*** Opening RECORDED INFORMATION ***

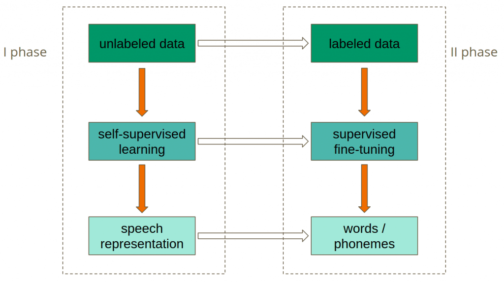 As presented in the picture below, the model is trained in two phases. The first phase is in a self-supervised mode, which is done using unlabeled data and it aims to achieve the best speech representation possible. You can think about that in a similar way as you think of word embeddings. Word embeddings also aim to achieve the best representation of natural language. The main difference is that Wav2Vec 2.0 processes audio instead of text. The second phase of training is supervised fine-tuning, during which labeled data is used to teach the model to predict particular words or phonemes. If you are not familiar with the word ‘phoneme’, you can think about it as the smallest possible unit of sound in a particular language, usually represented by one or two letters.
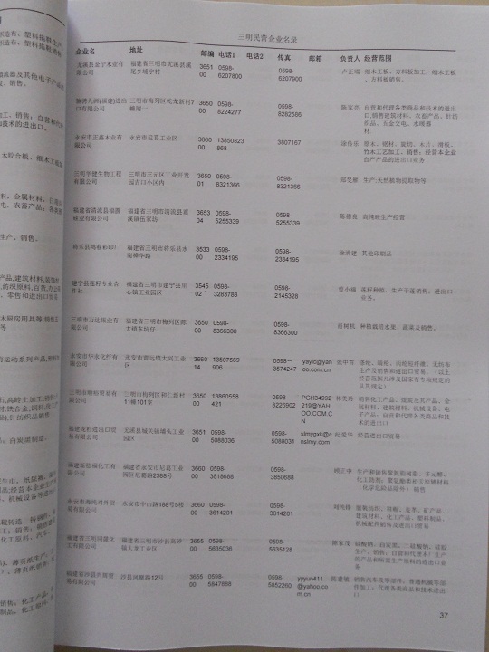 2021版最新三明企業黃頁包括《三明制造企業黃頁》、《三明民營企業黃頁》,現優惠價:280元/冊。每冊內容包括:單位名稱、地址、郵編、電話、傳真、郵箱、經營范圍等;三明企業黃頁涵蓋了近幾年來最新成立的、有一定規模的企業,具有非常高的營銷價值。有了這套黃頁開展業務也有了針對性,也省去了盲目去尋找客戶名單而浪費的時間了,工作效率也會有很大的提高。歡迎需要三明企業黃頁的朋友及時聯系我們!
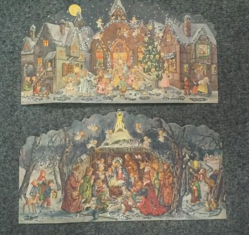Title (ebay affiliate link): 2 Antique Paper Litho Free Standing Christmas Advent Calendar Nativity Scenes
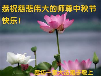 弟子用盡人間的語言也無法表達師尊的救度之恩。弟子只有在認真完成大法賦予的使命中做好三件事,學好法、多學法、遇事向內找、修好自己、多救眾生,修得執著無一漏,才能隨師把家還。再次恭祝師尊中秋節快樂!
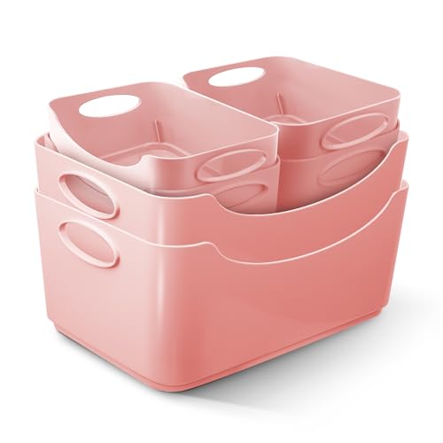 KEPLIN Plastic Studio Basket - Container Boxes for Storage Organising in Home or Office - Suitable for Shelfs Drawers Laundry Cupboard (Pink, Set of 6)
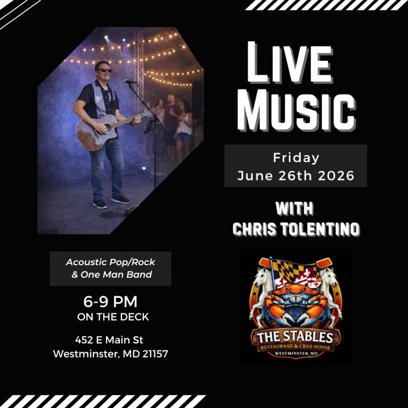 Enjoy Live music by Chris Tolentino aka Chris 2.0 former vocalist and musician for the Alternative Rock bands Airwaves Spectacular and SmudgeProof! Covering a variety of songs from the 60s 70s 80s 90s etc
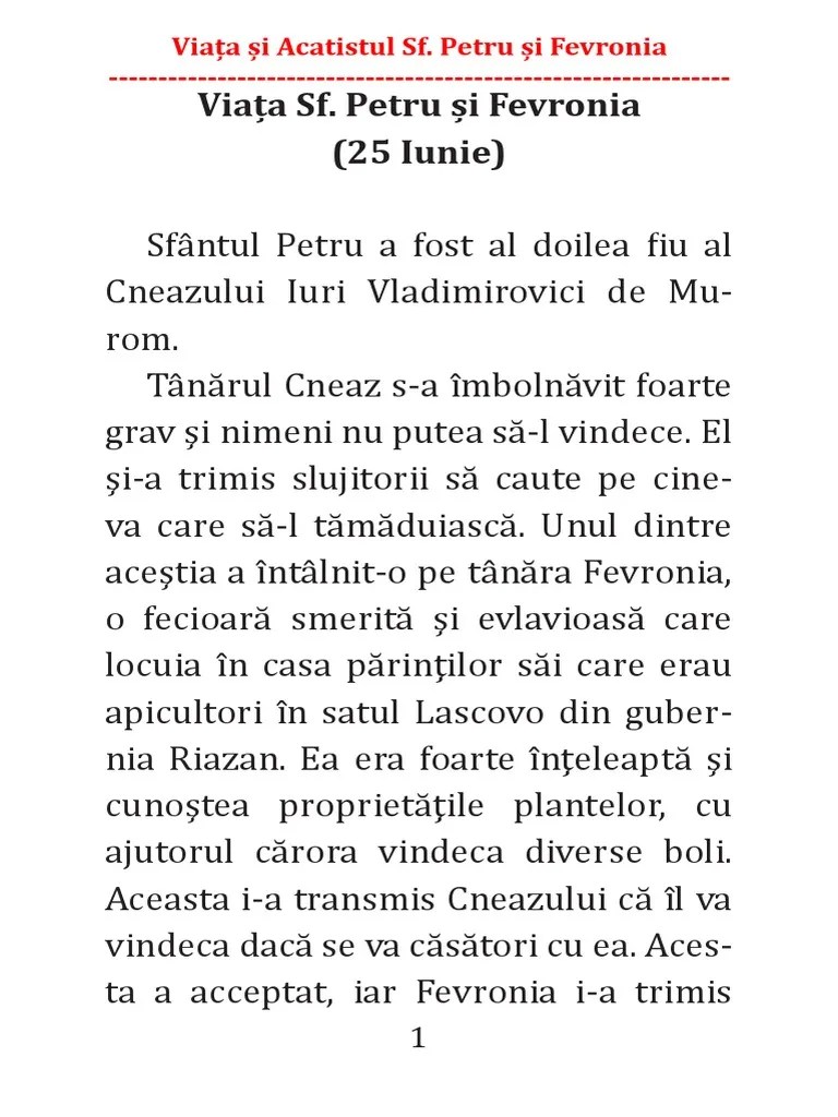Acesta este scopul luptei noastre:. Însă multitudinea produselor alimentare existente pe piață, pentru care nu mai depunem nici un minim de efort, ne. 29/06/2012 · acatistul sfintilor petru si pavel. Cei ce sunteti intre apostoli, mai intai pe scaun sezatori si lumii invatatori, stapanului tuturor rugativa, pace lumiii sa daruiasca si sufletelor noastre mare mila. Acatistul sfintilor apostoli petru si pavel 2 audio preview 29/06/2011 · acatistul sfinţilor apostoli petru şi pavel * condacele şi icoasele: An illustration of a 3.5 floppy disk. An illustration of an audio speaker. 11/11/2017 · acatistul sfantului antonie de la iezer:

*** Closing RECORDED INFORMATION ***

• EXERCISE GOAL
Omit every picture while copying the listing above exactly.

• RESULT OF THE EXERCISE
 As presented in the picture below, the model is trained in two phases. The first phase is in a self-supervised mode, which is done using unlabeled data and it aims to achieve the best speech representation possible. You can think about that in a similar way as you think of word embeddings. Word embeddings also aim to achieve the best representation of natural language. The main difference is that Wav2Vec 2.0 processes audio instead of text. The second phase of training is supervised fine-tuning, during which labeled data is used to teach the model to predict particular words or phonemes. If you are not familiar with the word ‘phoneme’, you can think about it as the smallest possible unit of sound in a particular language, usually represented by one or two letters.
 2021版最新三明企業黃頁包括《三明制造企業黃頁》、《三明民營企業黃頁》,現優惠價:280元/冊。每冊內容包括:單位名稱、地址、郵編、電話、傳真、郵箱、經營范圍等;三明企業黃頁涵蓋了近幾年來最新成立的、有一定規模的企業,具有非常高的營銷價值。有了這套黃頁開展業務也有了針對性,也省去了盲目去尋找客戶名單而浪費的時間了,工作效率也會有很大的提高。歡迎需要三明企業黃頁的朋友及時聯系我們!
Title (ebay affiliate link): 2 Antique Paper Litho Free Standing Christmas Advent Calendar Nativity Scenes
 弟子用盡人間的語言也無法表達師尊的救度之恩。弟子只有在認真完成大法賦予的使命中做好三件事,學好法、多學法、遇事向內找、修好自己、多救眾生,修得執著無一漏,才能隨師把家還。再次恭祝師尊中秋節快樂!
 KEPLIN Plastic Studio Basket - Container Boxes for Storage Organising in Home or Office - Suitable for Shelfs Drawers Laundry Cupboard (Pink, Set of 6)
 Enjoy Live music by Chris Tolentino aka Chris 2.0 former vocalist and musician for the Alternative Rock bands Airwaves Spectacular and SmudgeProof! Covering a variety of songs from the 60s 70s 80s 90s etc
Acesta este scopul luptei noastre:. Însă multitudinea produselor alimentare existente pe piață, pentru care nu mai depunem nici un minim de efort, ne. 29/06/2012 · acatistul sfintilor petru si pavel. Cei ce sunteti intre apostoli, mai intai pe scaun sezatori si lumii invatatori, stapanului tuturor rugativa, pace lumiii sa daruiasca si sufletelor noastre mare mila. Acatistul sfintilor apostoli petru si pavel 2 audio preview 29/06/2011 · acatistul sfinţilor apostoli petru şi pavel * condacele şi icoasele: An illustration of a 3.5 floppy disk. An illustration of an audio speaker. 11/11/2017 · acatistul sfantului antonie de la iezer:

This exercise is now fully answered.